If you see a popup box that says "Clone Repsitory" with a progress bar and then RStudio refreshes, then your installation is working.
# What is Data Science?
According to Wikipedia:
> Data science is an interdisciplinary field that uses scientific methods, processes, algorithms and systems to extract knowledge and insights from data in various forms, both structured and unstructured, similar to data mining.
>
> Data science is a "concept to unify statistics, data analysis, machine learning and their related methods" in order to "understand and analyze actual phenomena" with data. It employs techniques and theories drawn from many fields within the context of mathematics, statistics, information science, and computer science.
[![Data Science Venn Diagram](https://static1.squarespace.com/static/5150aec6e4b0e340ec52710a/t/51525c33e4b0b3e0d10f77ab/1364352052403/Data_Science_VD.png?format=750w)](http://drewconway.com/zia/2013/3/26/the-data-science-venn-diagram)
Data Science Venn Diagram by Drew Conway
## Resources
- [What is Data Science?](https://datascience.berkeley.edu/about/what-is-data-science/) by datascience@Berkeley
- [A Taxonomy of Data Science](http://www.dataists.com/2010/09/a-taxonomy-of-data-science/) by Hilary Mason and Chris Wiggins
- ["You can't do data science in a GUI"](https://www.youtube.com/watch?v=cpbtcsGE0OA) by Hadley Wickham
- [Why Do We Need Data Science When We’ve Had Statistics for Centuries?](https://blogs.wsj.com/cio/2014/05/02/why-do-we-need-data-science-when-weve-had-statistics-for-centuries/) by Irving Wladawsky-Berger
# Why R
- [Free, as in beer & speech](https://www.r-project.org/about.html)

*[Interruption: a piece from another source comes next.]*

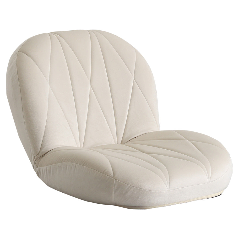 キルティングベロア座椅子 アイボリーは、なめらかなベロア素材と、シェルのようなキルティングデザインが目を引く座椅子。やわらかなカラーが空間に自然な明るさを添えつつ、甘くなりすぎない落ち着いた印象に仕上げてくれます。さりげなく置くだけで、お部屋の雰囲気をぐっとやさしく整えてくれる一脚です。

- Large and growing community, with [More than 15,000 packages and counting](https://www.rdocumentation.org/trends)
- Powerful and flexible
- [Graphics Gallery](http://www.r-graph-gallery.com/)
- [Interactive Web Apps: Interactive Plots, Dashboard, Widget ...](https://shiny.rstudio.com/gallery/)

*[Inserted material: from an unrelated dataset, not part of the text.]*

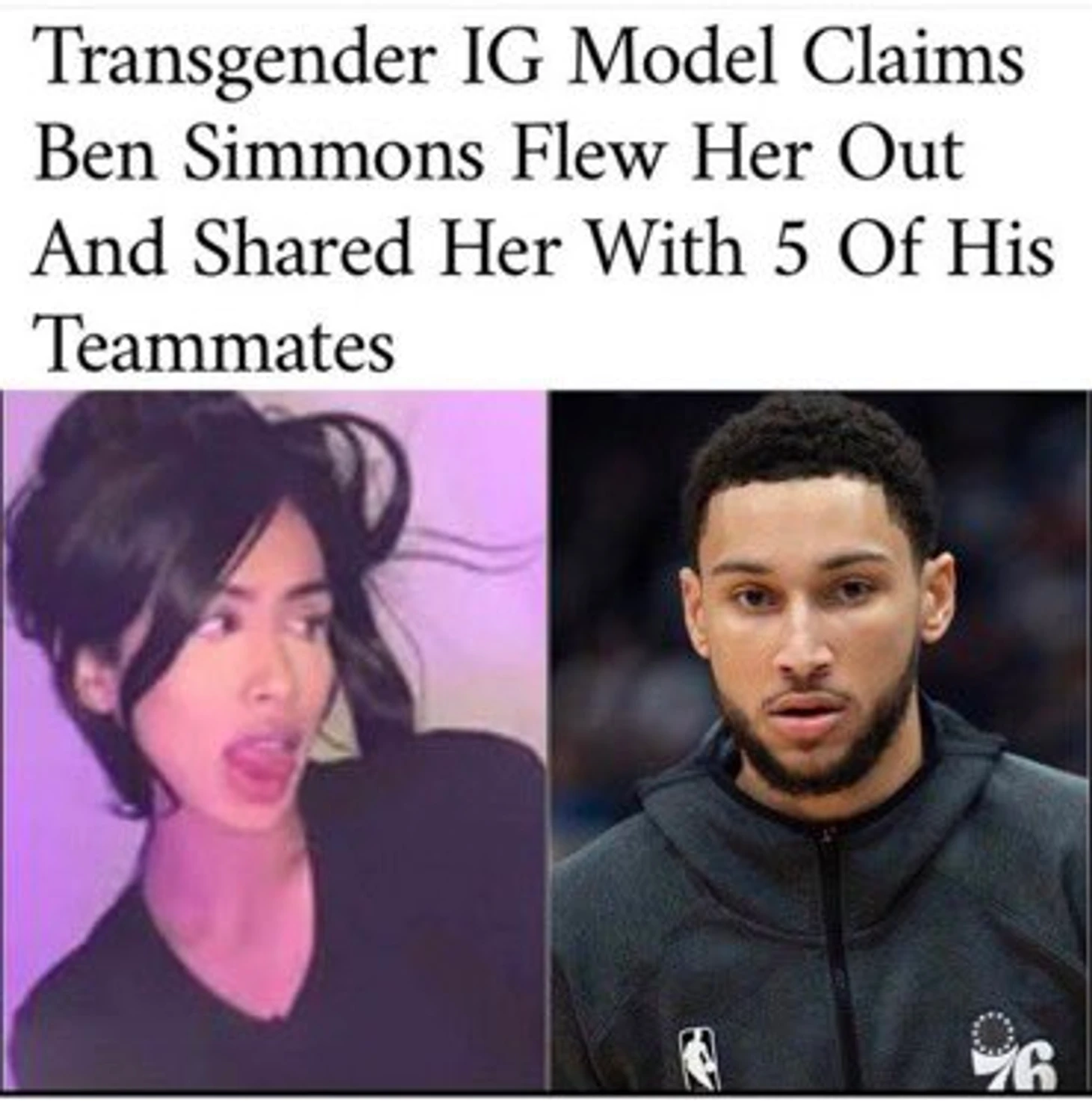 Трансгендерная инстаграм-модель утверждает, что Бен Симмонс предлагал ей секс с ним и его одноклубниками

- Packages for doing statistics & machine learning, creating documents, grabbing/processing data ...
# Class project
For the class project, you are expected to create a re-usable R script with the following requirements and commit it to GitHub:
1. Part I
1. Contains at least one self-contained function;
1. Follows a consistent style guide;
1. Completed with necessary documentation;
1. Has at least one test that passes;
1. [Advanced] Organizes the function(s) into a package that passes the checks
2. Part II
1. Utilzes tidyverse functions as much as possible
1. [Advanced] Includes a vignette that demonstrates the usage of the package
You can take and/or re-organize code from your current work or start from scratch. Take the feasibility of completing in a week into consideration when selecting project ideas.

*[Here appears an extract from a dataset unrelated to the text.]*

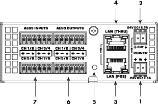 ID Button – Locates the QIO-AES8x8 in Q-SYS Designer Software and Q-SYS Configurator.
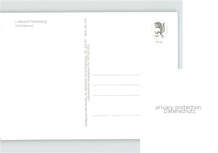 71850554 Ratzeburg Schleswig-Holstein Domhalbinsel Luftkurort Fliegeraufnahme postalisch nicht gelaufen Erhaltung siehe scans KatCode: 11110001053100

If you don't have a feasible project idea at the moment, consider writing a R package that reads and visualizes the bike counts on Steel Bridge, Hawthorne Bridge, and Tilikum Crossing. Daily traffic counts data for these bridges can be found [here](https://github.com/cities/datascience2018/tree/master/data). At the minimum, your package should be able to:
- Read the data in the excel file;
- Process (tidy) the data as necessary;
- Visualize bike counts crossing a bridge based on a data frame passed in;
- Plot daily bike counts for any specified period;
- [Advanced] Plot daily, weekly, or monthly bike counts based on a frequency argument;
- [Advanced] Overlay weather data for Portland and study (visualize and/or model) the effect of weather on bike traffic;
- [Advanced] Study (visualize and/or model) the effect of Tilikum Crossing (opened in September 2015) on bike counts crossing other bridges.